Training an xG Model on 632K Shots: Does More Data Mean Better Regression Detection?
Retrained XGBoost xG model on 632K combined shots (3 sources, 22 leagues). V3 hits 89.4% regression rate (target >82.1%), beating v1 (Big 5 only) by +1.3pp. FotMob raw xG still wins at 90.8% — noisier xG is better for regression detection. Advanced metrics (npxG, xGA, PPDA, xG Chain) computed for all leagues.
Training an xG Model on 632K Shots: Does More Data Mean Better Regression Detection?
We retrained our XGBoost xG model from scratch on 632K combined shots from three sources (StatsBomb, Understat, FotMob) — up from 311K in the v1 model. The v3 model now covers 22 leagues instead of just the Big 5. The question: does a model that's seen Championship, Eredivisie, and Turkish Super League shots produce better regression predictions than one trained only on EPL and La Liga?
The Question
Our variance filter uses team xGD (expected goal difference) to detect regression candidates — teams whose actual results have diverged from their expected performance. When the gap is large enough (|gap| >= 3.0 goals over 10 matches), we bet on regression.
The regression rate — what percentage of flagged teams actually regress in the next 5 matches — is the core quality metric. Our validated benchmark is 82.1% from FotMob shot-level data.

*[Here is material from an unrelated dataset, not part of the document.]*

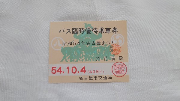 ▲名古屋市交通局▲昭和54年名古屋まつり バス臨時優待乗車券▲当日限り

We needed the v3 model to meet or beat this.
We also wanted to settle a related question: does training on more diverse leagues actually help, or does the v1 model (Big 5 only) already capture the shot-to-goal relationship adequately?
What We Found
All three xG sources pass comfortably:
| Source | Regression Rate | Flags | Mean Gap Before | Mean Gap After |
|---|---|---|---|---|
| V3 Model (632K shots) | **89.4%** | 1,468 | 7.96 | 4.16 |
| V1 Model (Big 5 only) | 88.1% | 1,567 | 8.45 | 4.60 |
| FotMob Raw xG | **90.8%** | 1,440 | 7.92 | 3.95 |
V3 beats v1 by +1.3pp overall. The improvement is consistent across splits: +1.1pp on non-Big5 leagues and +1.6pp on Big 5.
The Nuance
V3 wins on tight calibration
The v3 model produces smaller initial gaps (7.96 vs 8.45) and smaller residual gaps after regression (4.16 vs 4.60). This means v3's xGD is closer to what actually happens — it flags fewer false regression candidates.
The v1 model, trained only on Big 5 data, slightly miscalibrates on non-Big5 shots. It generates 1,567 flags vs v3's 1,468 — more flags, but a lower hit rate. The extra flags are noise from out-of-distribution predictions.
FotMob raw xG is still king for regression
The result that matters most: FotMob's own per-shot xG values (not our model's predictions) produce the highest regression rate at 90.8%.
This confirms what we established earlier in our xG regression investigation. For regression detection, you want an xG source that captures genuine divergence between shot quality and finishing outcomes. FotMob's model is "noisier" in the sense that it disagrees with actual goals more often — but that noise is signal for regression detection.
Our v3 model is optimized for per-shot accuracy (Brier 0.076). A perfectly calibrated model would produce xGD that tracks actual GD closely, generating fewer regression flags. That's great for xG accuracy but counterproductive for catching regression candidates.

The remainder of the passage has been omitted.